Claiming that “Utopian action is survival action”, Mills says that the US has to abolish and forget about its idea of capitalism which is doctrinaire and adopt his very ideas with no regard to the formed opinions of the elite in power. The peace struggle is that aimed at wrestling out the powers to make war from the hands of rulers who are capitalist. This struggle can only be led by those working in a political movement that is independent. Mills presents eighteen peace guidelines, amongst which we have, calling for a stop to the testing of weapons which are nuclear in nature, abandoning of military bases, aiding underdeveloped countries using some portion of the American military budget, and even immediate unilateral disarmament (Horowitz, L & Horowitz, pg. 305 & 306, Page, pg. 87).
Arguing that democracy needs those who bravely bear its consequences, he urges the intellectual to come out and educate the masses on how to dismantle the war machines. He says, “Democracy requires that those who bear the consequences of decisions have enough knowledge to hold decision-makers accountable. If men hope that contemporary America is to be a democratic society, they must look to the intellectual community for knowledge about those decisions that are now shaping human destiny. Men must depend upon knowledge provided by this community, for by their own private experience they can know only a small portion of the social world, only a few of the decisions that now affect them” (Mills, pg. 173).
He blames the intellectual circles in America for not coming out to publicly portray the power elite as people holding command of unprecedented power. He says, “Yet leading intellectual circles in America as elsewhere have not provided true images of the elite as men in irresponsible command of unprecedented means of power. Instead, they have invented images of a scatter of reasonable men, overwhelmed by events and doing their best in a difficult situation. by its softening of the political will, the conservative mood of the intellectuals, out of which these images have arisen, enables men to accept public depravity without any private sense of outrage and to give up the central goal of Western humanism, so strongly felt in nineteenth-century American experience: the audacious control by reason of man’s fate” (Mills, pg. 173).

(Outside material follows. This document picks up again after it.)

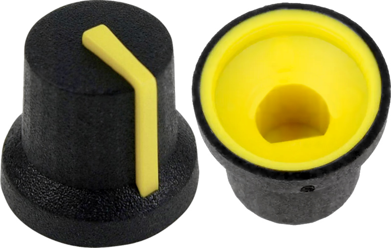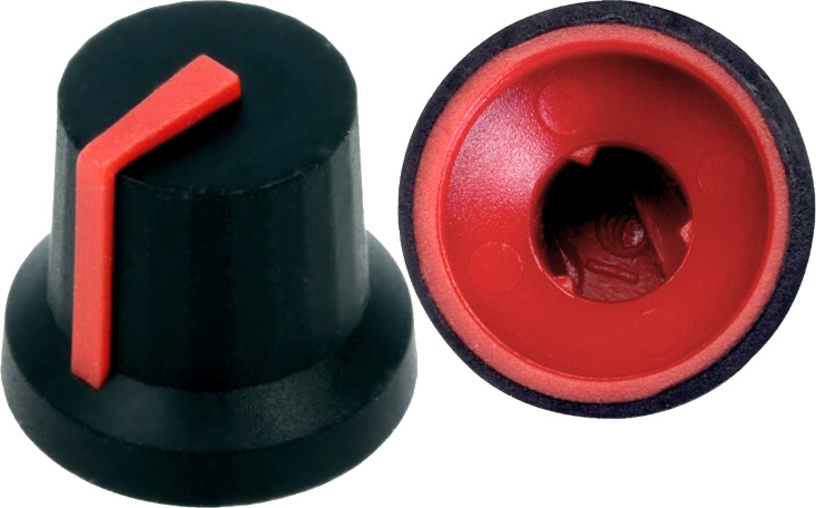 K87MAR. Black, rubberised rubberized, soft-touch (K87MAR) or hard-touch (K87MA) with moulded molded colour color top and marker line. Push fit. We can make custom versions subject to acceptable quantities. Knobs are low cost due to volume production. The non-removeable, coloured colored top helps identify colour color coded grouped functions in equipment with lots of controls.
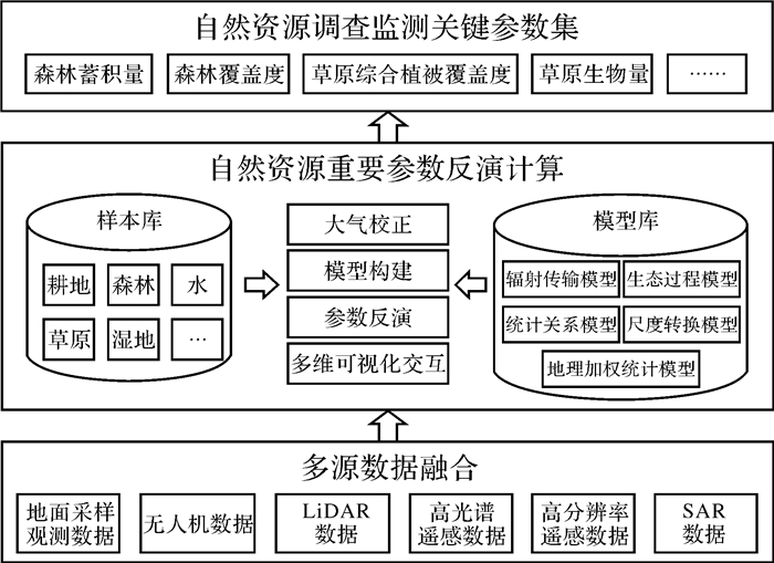 针对草原植被覆盖度、森林生物量等参数调查需求,依据我国显著的地表分异性规律和专项调查参数年际变化规律[36],构建面向自然资源关键参数的各类样本库,以及辐射传输、生态过程[37]、尺度转换、统计关系等模型库,综合利用长时间序列地面调查样地数据、星载和机载光学、SAR、LiDAR、高光谱等多源数据,通过大气校正、模型构建、参数反演、多维可视化交互等处理,实现不同草原区域、森林区域融合星天地数据的植被覆盖度、森林生物量等参数高精度反演和产品生产[38],如图 11所示。

Mills is neither a critic of the present nor a prophet of the future because most of his arguments of the causes of World War III are baseless. He thus becomes a status quo victim, and also of his own ideas hampering his imagination sociologically. Mills in his views of the labor movement sees it as he does to the social structure in general, extensively not from its prospects but from the present position. He argues that the trade unions, which are bureaucratized, cannot affect the national policy decisively since they are amalgamated as an unsophisticated interest in the levels middle to the power set up established. He takes for granted the existing conditions of the labor movement, underestimating the great potential of the working class. Mills’ lens miniaturizes the powers to be as they magnify the powers that be (Walter, pg. 84).
Mills’ proposals as the guidelines to peace all contradict government policies at present. One can evidently ask how his measures can be implemented. What party, political movement or class can press for these proposals? In one instance, he says that it is politically imperative, morally fair, and sociologically realistic to make demands upon the elite and hold them accountable for their actions. In another instance, he confesses that it would not just work if one expects anything from the very quarter. This shows how Mills is undecided and can never be described either as a critic of the present or a prophet of the future (Walter, pg. 84).